(Exercise input begins)

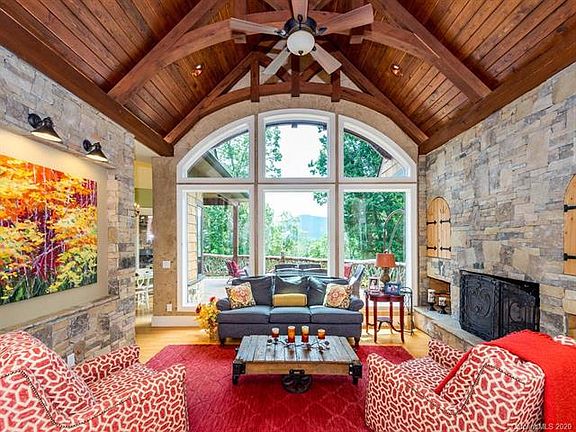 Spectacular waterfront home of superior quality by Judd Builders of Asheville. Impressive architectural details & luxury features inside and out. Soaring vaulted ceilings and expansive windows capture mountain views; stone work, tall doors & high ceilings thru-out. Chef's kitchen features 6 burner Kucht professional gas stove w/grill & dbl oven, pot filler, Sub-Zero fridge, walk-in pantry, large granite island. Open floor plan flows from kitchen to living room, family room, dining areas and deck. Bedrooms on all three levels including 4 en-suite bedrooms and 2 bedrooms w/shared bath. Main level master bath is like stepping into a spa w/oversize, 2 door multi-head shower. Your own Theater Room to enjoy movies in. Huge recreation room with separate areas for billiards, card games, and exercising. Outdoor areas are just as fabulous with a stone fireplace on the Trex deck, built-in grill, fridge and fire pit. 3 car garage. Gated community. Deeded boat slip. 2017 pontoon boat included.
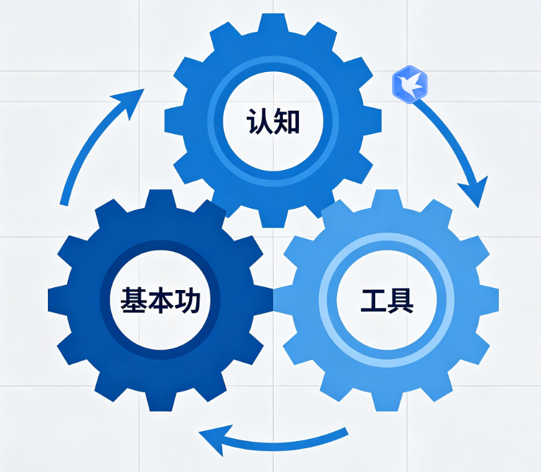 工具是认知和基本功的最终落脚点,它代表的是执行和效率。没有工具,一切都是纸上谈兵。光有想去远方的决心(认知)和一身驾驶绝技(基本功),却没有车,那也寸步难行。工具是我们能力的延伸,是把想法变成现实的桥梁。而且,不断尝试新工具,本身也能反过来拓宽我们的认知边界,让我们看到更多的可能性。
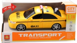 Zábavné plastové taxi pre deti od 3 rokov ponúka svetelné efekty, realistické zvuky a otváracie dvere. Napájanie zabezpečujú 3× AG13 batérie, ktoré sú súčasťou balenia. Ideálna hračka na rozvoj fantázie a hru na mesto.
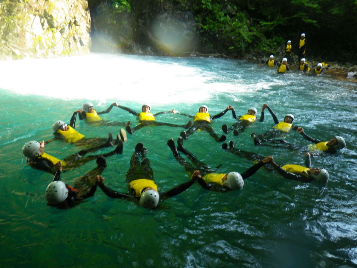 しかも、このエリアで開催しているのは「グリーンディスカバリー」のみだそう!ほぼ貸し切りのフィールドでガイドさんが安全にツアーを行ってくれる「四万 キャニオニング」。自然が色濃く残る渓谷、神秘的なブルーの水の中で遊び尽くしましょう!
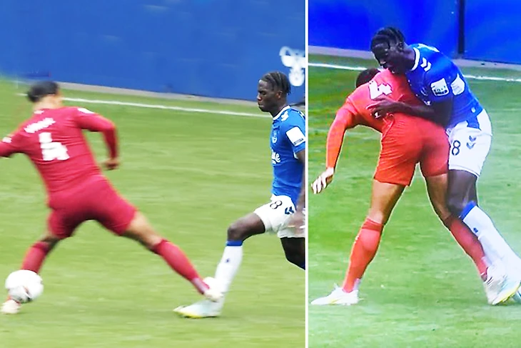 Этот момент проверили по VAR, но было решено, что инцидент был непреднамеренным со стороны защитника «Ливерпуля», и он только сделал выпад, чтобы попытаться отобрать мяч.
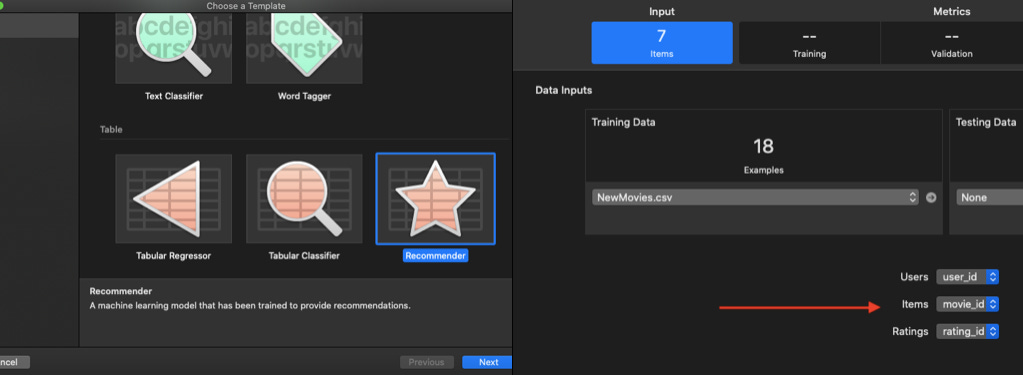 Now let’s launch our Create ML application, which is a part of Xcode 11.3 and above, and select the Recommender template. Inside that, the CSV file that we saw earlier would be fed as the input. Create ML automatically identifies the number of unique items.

(Exercise input ends)

Your instructions => An exact reproduction of the data above is required, with every picture removed.

Output of the exercise =>
 Spectacular waterfront home of superior quality by Judd Builders of Asheville. Impressive architectural details & luxury features inside and out. Soaring vaulted ceilings and expansive windows capture mountain views; stone work, tall doors & high ceilings thru-out. Chef's kitchen features 6 burner Kucht professional gas stove w/grill & dbl oven, pot filler, Sub-Zero fridge, walk-in pantry, large granite island. Open floor plan flows from kitchen to living room, family room, dining areas and deck. Bedrooms on all three levels including 4 en-suite bedrooms and 2 bedrooms w/shared bath. Main level master bath is like stepping into a spa w/oversize, 2 door multi-head shower. Your own Theater Room to enjoy movies in. Huge recreation room with separate areas for billiards, card games, and exercising. Outdoor areas are just as fabulous with a stone fireplace on the Trex deck, built-in grill, fridge and fire pit. 3 car garage. Gated community. Deeded boat slip. 2017 pontoon boat included.
 工具是认知和基本功的最终落脚点,它代表的是执行和效率。没有工具,一切都是纸上谈兵。光有想去远方的决心(认知)和一身驾驶绝技(基本功),却没有车,那也寸步难行。工具是我们能力的延伸,是把想法变成现实的桥梁。而且,不断尝试新工具,本身也能反过来拓宽我们的认知边界,让我们看到更多的可能性。
 Zábavné plastové taxi pre deti od 3 rokov ponúka svetelné efekty, realistické zvuky a otváracie dvere. Napájanie zabezpečujú 3× AG13 batérie, ktoré sú súčasťou balenia. Ideálna hračka na rozvoj fantázie a hru na mesto.
 しかも、このエリアで開催しているのは「グリーンディスカバリー」のみだそう!ほぼ貸し切りのフィールドでガイドさんが安全にツアーを行ってくれる「四万 キャニオニング」。自然が色濃く残る渓谷、神秘的なブルーの水の中で遊び尽くしましょう!
 Этот момент проверили по VAR, но было решено, что инцидент был непреднамеренным со стороны защитника «Ливерпуля», и он только сделал выпад, чтобы попытаться отобрать мяч.
 Now let’s launch our Create ML application, which is a part of Xcode 11.3 and above, and select the Recommender template. Inside that, the CSV file that we saw earlier would be fed as the input. Create ML automatically identifies the number of unique items.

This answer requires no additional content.